The story is not really about whether ketamine therapy exists or whether mental health treatment can help people. Of course it can. The question is whether donor money given for campaign activity was used for something that looks a lot more personal than political.
The problem with the label
Calling something "leadership training" does not magically make it campaign work.
If a candidate hires a media consultant, a fundraising adviser, or a debate coach, the campaign purpose is obvious. If a candidate pays a psychiatrist whose own public profiles emphasize ketamine-assisted therapy, depression treatment, PTSD care, and other psychiatric services, donors are entitled to ask what exactly they financed.

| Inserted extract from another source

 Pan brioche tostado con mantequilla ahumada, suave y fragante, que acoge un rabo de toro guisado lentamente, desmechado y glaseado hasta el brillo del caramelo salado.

And yes, that is an uncomfortable question. Accountability often is.
Boyle's background makes the story harder to brush off
Breitbart and the New York Post both pointed to Boyle's connection to Stella Mental Health. Stella's own website says it offers evidence-based care and advanced psychiatric treatments, including ketamine therapy and Spravato. Boyle's Psychology Today profile likewise presents him as an interventional psychiatrist focused on treatment-resistant conditions and newer psychiatric interventions.

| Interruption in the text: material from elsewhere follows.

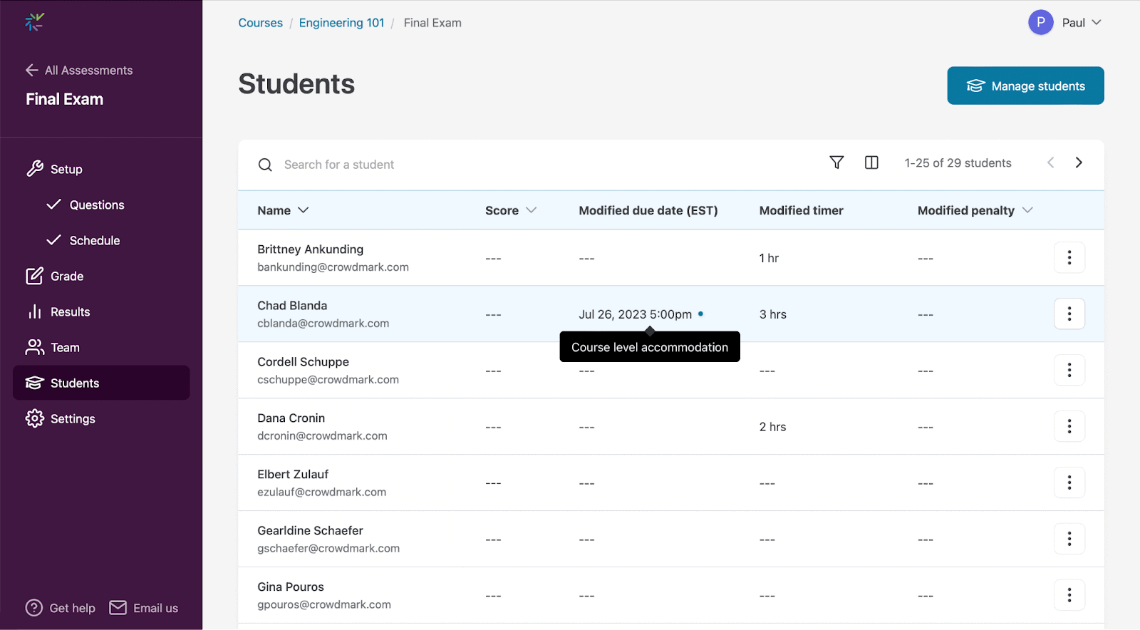 - Once your changes have been made, click Save. You will see the modified settings appear for individual students in the student list for the assessment.

In other words, this is not a consultant who happens to have a medical degree on the side. His public-facing identity is psychiatry.
That matters because the campaign's explanation, at least on paper, was not "mental health treatment." It was "leadership training and consulting."
Those are not the same thing.
What supporters might say
To be fair, there are possible defenses here:
Campaign leadership can be stressful and psychologically demanding
Executive coaching and performance consulting sometimes overlap with mental health expertise
Public reporting does not yet show what the sessions actually involved
Fine. All true.
But if that is the defense, the campaign still needs to explain the political function clearly. Vague labels and no comment are not exactly confidence-builders.
AOC's past interest in psychedelics adds context
This is also not happening in a vacuum. Ocasio-Cortez has previously supported expanded research into psychedelics for mental health treatment. The New York Post noted she pushed multiple times for federal research on substances such as psilocybin, and later backed legislation connected to psychedelic research for service members.
That background does not prove wrongdoing. It does, however, make the campaign spending story more politically relevant. Critics are not just looking at a random vendor payment. They are looking at payments to a psychiatrist tied to novel therapies that align with Ocasio-Cortez's own public interest in alternative mental health treatments.
Because of course they are.
Why grassroots conservatives should care
You do not have to oppose mental health treatment to see the problem here. This is about stewardship and honesty.
When campaigns ask small donors for money, they are not asking for a blank check. They are asking people who can barely afford groceries, gas, and rent to help finance political work. If those funds are being routed into expenses that look personal, specialized, or conveniently mislabeled, voters deserve answers.
Here are the questions that still need answers:
What services did Boyle actually provide to the campaign?
Who participated in those sessions?
Were the services political, medical, or some mix of both?
Why was a psychiatrist the chosen provider for "leadership training"?
What documentation supports the campaign's classification of the spending?
Those are basic oversight questions. Not partisan hysteria. Basic oversight.
The bottom line
AOC's campaign reportedly spent $18,725 in donor money on a psychiatrist whose public profile centers on ketamine-assisted therapy and related psychiatric treatments. The campaign labeled the expense "leadership training and consulting" and, according to the reporting, offered no public explanation.
Maybe there is one. Maybe there is not.
But when donor cash and therapeutic services start sharing the same disclosure line, people are going to notice. They should. If Democrats want to lecture the country about ethics, transparency, and public trust, they might start by explaining why a psychiatrist tied to ketamine therapy ended up on a campaign payroll under what looks like the vaguest label money can buy.
That is not a right-wing conspiracy. That is what the filing says.